Methods: The inhibitory effects of AC10364 on the proliferation of Bel/fu cells were examined using a cytotoxicity assay. Apoptosis of Bel/fu cells was detected using FITC annexin V and PI staining following treatment with AC10364 for 24 h. The factors regulating apoptosis were identified by Western blot using lysates of Bel/fu cells treated with AC10364 for 0, 12, 24, or 36 h. Genes associated with tumorigenesis or growth were analyzed by reverse transcription–quantitative polymerase chain reaction using Bel/fu cells treated for 12, 24, or 36 h with AC10364.
Results: The early apoptotic ratios of Bel/fu cells treated with AC10364 increased in a dose-dependent manner. The levels of caspases, including cleaved caspase-3, caspase-3 and caspase-9, were significantly high in Bel/fu cells treated with AC10364 (P<0.001). Compared with untreated cells, those exposed to AC10364 had showed significant downregulation of the expression of binding protein gene (G protein subunit α 15, GNA15) and other protein-coding genes, including fms-related tyrosine kinase 1(FLT1), nicotinamide phosphoribosyltransferase (NAMPT), netrin 4 (NTN4), platelet-derived growth factor subunit A (PDGFA), S100 calcium binding protein A11 (S100A11), tubulin β 3 class III (TUBB3), aldo-keto reductase family 1 member C3 (AKR1C3), endothelial PAS domain protein 1 (EPAS1), and interferon α-inducible protein 27 (IFI27) (P<0.001). Two other genes, AXL receptor tyrosine kinase (AXL) and carboxypeptidase A4 (CPA4), were significantly upregulated (P<0.001).
Conclusion: AC10364 inhibited cell viability and proliferation through aberrant expression of multiple genes associated with tumorigenesis or growth, which suggests that these genes may be promising therapeutic candidates for cancer therapy.
Keywords: monoclonal antibody, inhibitory, apoptosis, genes
Introduction
While many cancer patients benefit from postoperative chemotherapy which could improve the survival rate,1 development of tumor resistance to chemotherapy (chemoresistance) remains a major obstacle in cancer therapy. Multidrug resistance, which is the principal mechanism by which numerous cancer types develop resistance to chemotherapy drugs, is a major factor contributing to the failure of various forms of chemotherapy.2 Therefore, the development of novel therapeutic methods or strategies become the keys to cancer therapy.

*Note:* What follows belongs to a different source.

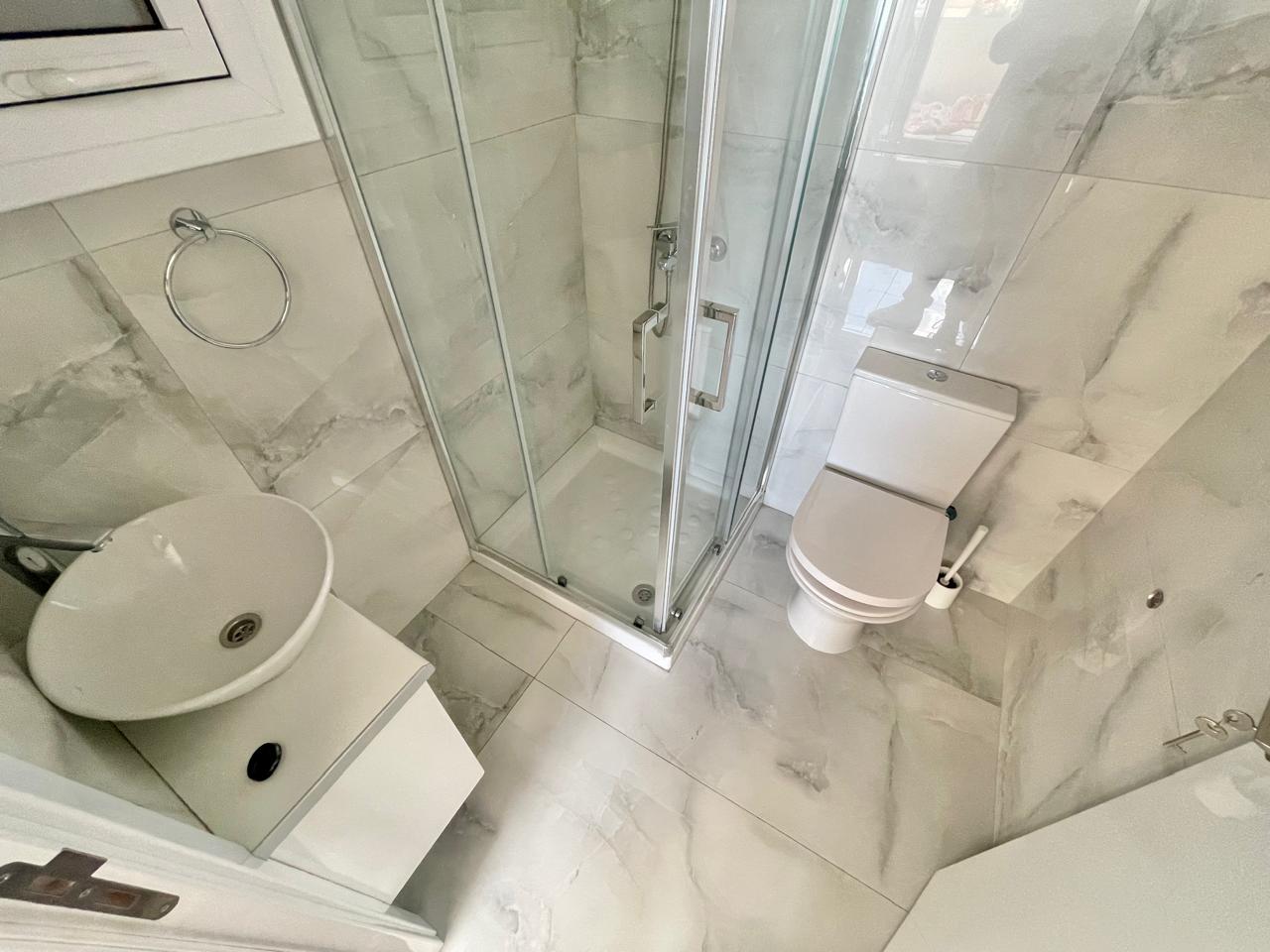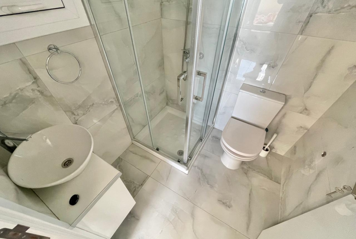 The 3 bathrooms are finished in marble tile, sparkling with newness. A walk-in shower with glass panels, modern sanitary ware, clean lines and light tones—it’s a space designed for living, not renovating.
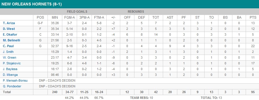 크리스 폴 : 22점 9어시 3스틸 / 스토야코비치 : 17점(6-8) / 오카포 : 14리바 3블록 / 아리자 : 13점 7리바 3스틸

Targeted immunotherapy using mAbs has become a key approach for ensuring the successful treatment of numerous cancer types and improving survival.3,4 Such as, Bevacizumab (Avastin), cetuximab (Erbitux), rituximab (Rituxan), and trastuzumab (Herceptin) are now widely used to treat non-small cell lung cancer, colorectal cancer, lymphoma, breast cancer.5,6 However, the majority of mAbs do not directly induce cell death but rather rely on immune effector mechanisms. Meanwhile, most tumor types could be prevented from immune attacks by different methods.5 The studies concentrated on the ability of mAbs to inhibit growth and induce apoptosis could not clarify inhibition mechanisms of cancer cell death.7,8 The development of mAbs which inhibited the growth of cancer cells relies on combine new targets and novel mechanisms of action.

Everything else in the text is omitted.